Elise stood up and shook her pleated wool skirt as though such an effort would remove the long-creased wrinkles in it. “Speaking of which, I have an abstract I have to finish by Thursday, and this being Monday and I haven’t even begun reading the material, let alone writing the damned thing, I’d better set my sights on the computer—”
Allie burst through the front door at that moment, bringing a blast of chill air with her as she sprang into the dining room. She spun her bookbag onto the small desk reserved for just that purpose and skidded to a semihalt.
“Have you seen Lyle?” she called, then, apparently remembering some semblance of manners, muttered a breathless greeting to Elise and her mother.
“How was school?” Jillian asked.
“Fine.
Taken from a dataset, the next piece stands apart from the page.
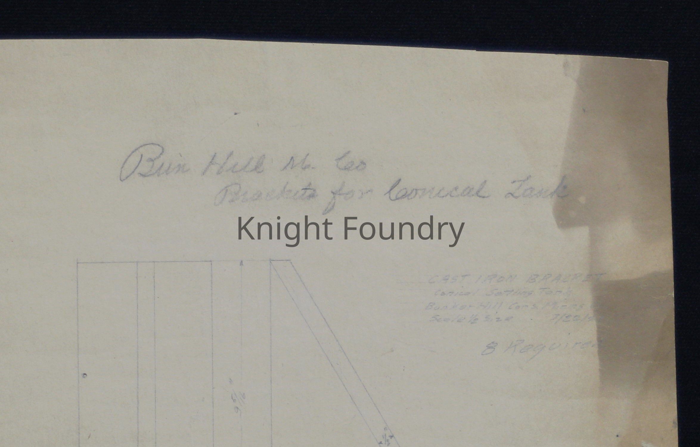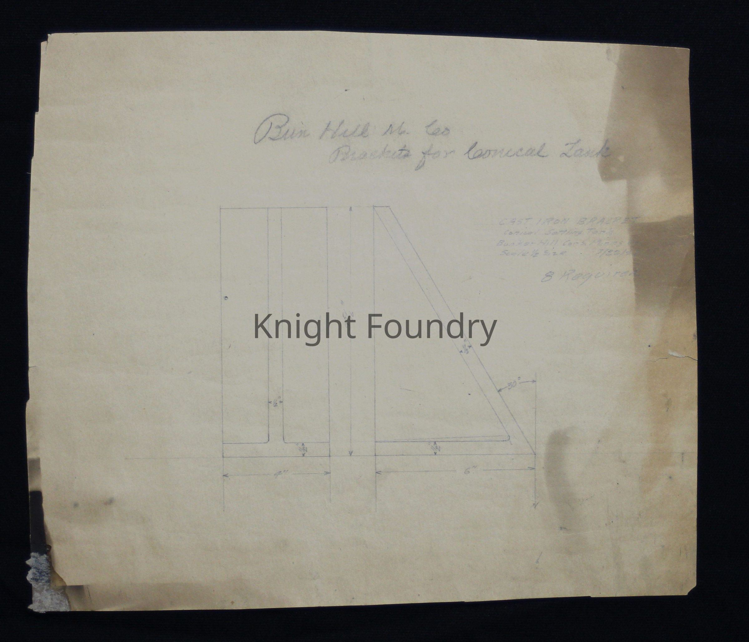 Drawing of cast iron brackets used for a conical settling tank made by Knight and Co. for the Bunker Hill Consolidated Mining Company. A note reads "8 required."Collection

Have you seen Lyle?”
Jillian felt rather than saw Elise’s ironic gaze and heard Elise murmur, “None of us ever have, hon.”
Allie didn’t seem to notice. She ran on through the kitchen and down the hallway to her bedroom.
Jillian heard the door slam open, and heard her daughter’s cheerful voice recounting snippets of her day. To Lyle. She felt a momentary stab of unreasonable jealousy; Lyle received all of Allie’s confidences, those little details once shared with her mother.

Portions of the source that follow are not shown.